Cancer has a way of dividing your life into before and after. I learned that when a routine procedure led doctors to discover something far more serious. What was supposed to be a straightforward surgery revealed a suspicious lump. A biopsy confirmed the unthinkable: stage 4 cancer.
By the time it was found, the disease had already spread. My only option was to fight with everything available, including a bone marrow transplant. After years of recovery, I was blessed with remission, but the cancer returned, and I found myself fighting it on yet another experimental drug. The medication helped, but it was not enough to get me into remission, and I needed yet another treatment. It was a newly approved CAR-T Therapy Transplant, which was performed at the fifth anniversary of my original diagnosis.

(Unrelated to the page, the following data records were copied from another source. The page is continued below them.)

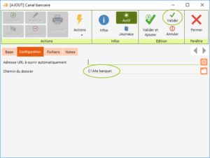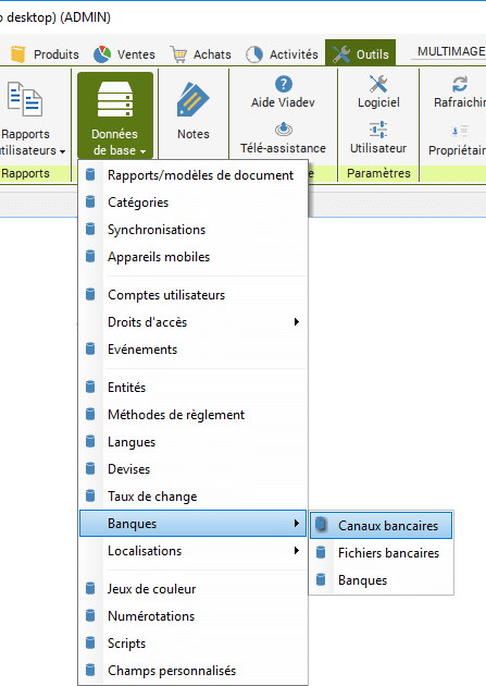 Dans le ruban « Outils », cliquez sur « Données de base » puis sur « Banques » puis sur « Canaux bancaires ».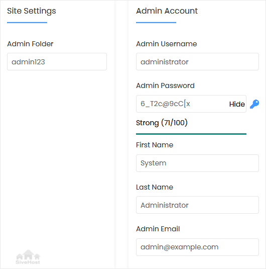 • Admin Username: Your new OctoberCMS username (for security reasons, do not use the administrator or the admin username).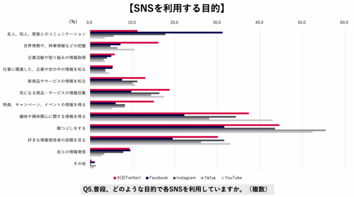 例えば、若年層が“気になる商品・サービスの情報収集”として活用しているのは、調査では X(旧Twitter)で18.8%、次いで YouTube が17.5%、とのこと。ここにビジュアル訴求に強い Instagram、短尺動画に強い TikTok など、端的な文言のみの投稿による即時性に強味のあるX(旧Twitter)など、各SNSの表現における特徴・強味を掛け合わせて考えると、おのずと答えが見えてくるはずだ。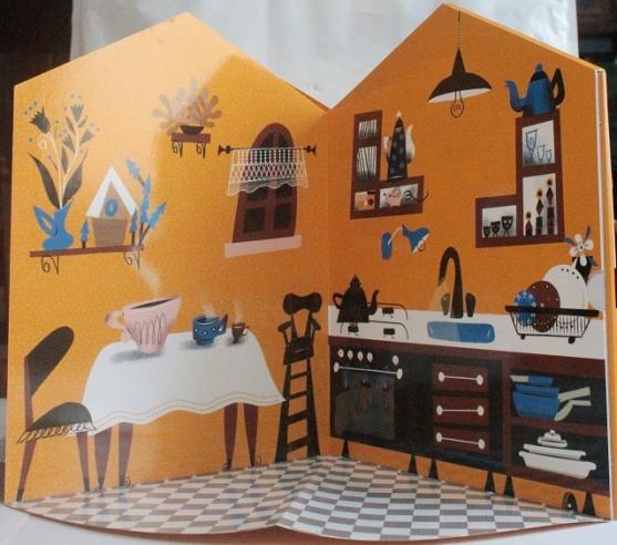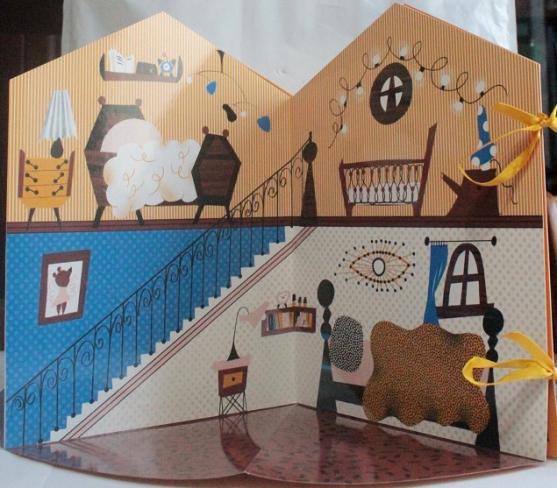 Le carrousel déploie 4 faces illustrées et l'on découvre 4 lieux emblématiques du conte : la vue extérieure de la maison des ours, la cuisine, la salle à manger et la chambre.

Today, I am profoundly grateful to say I just celebrated one year of remission post-transplant. I know how lucky I am to be here. Very few people survive the kind of stage four diagnosis like mine. I often wonder how different my journey might have been if my cancer had been caught earlier, before it had the chance to spread.
That question matters far beyond my own story.
In 2026, roughly half a million Americans will be diagnosed with stage 4 cancer, about one in four new cancer cases. At that point, survival rates plummet: only about 26 percent of patients diagnosed at stage 4 will live five years, compared with 64 percent of those diagnosed at stage 3. Nearly half of all cancer deaths are linked to cancers detected in stage 4, after the disease has already spread.
For aggressive cancers such as pancreatic, lung, stomach, and esophageal cancer, the numbers are even more devastating. Fewer than 5 percent of patients diagnosed at stage 4 survive five years, and more than 40 percent of those cancers are already advanced when they’re discovered.
Finding cancer before it spreads changes everything. When cancer is detected early, doctors have more tools, such as surgery, radiation, targeted therapies, and a better chance of eliminating the disease. Early detection doesn’t guarantee an easy path, but it dramatically improves the odds and opens doors that are often closed once cancer reaches stage 4.
That is why Congress’s recent passage of the Nancy Gardner Sewell Medicare Multi-Cancer Early Detection Screening Coverage Act is so significant. The new law creates a pathway for Medicare to cover multi-cancer early detection (MCED) tests once they receive approval from the FDA. These innovative blood tests are designed to detect signals from dozens of types of cancer, including many that currently have no routine screening options at all.
No law can promise miracles. It does not replace mammograms, colonoscopies, or other established screenings. But it does something profoundly important: it clears the way for access. It ensures that when these tests are approved, Medicare beneficiaries will be able to access them. It sends a clear message that catching cancer earlier, before it reaches stage 4, is a national priority.
For future patients, that could mean the difference between manageable treatment and the most aggressive interventions medicine has to offer. It could mean more options, better odds, and more time for family dinners, graduations, weddings, and ordinary days that suddenly feel extraordinary.
I cannot rewrite my own diagnosis. But because Congress acted to expand access to early detection, more Americans may never have to hear “stage 4” as their first introduction to cancer. That is a future filled with hope and one that is absolutely worth fighting for.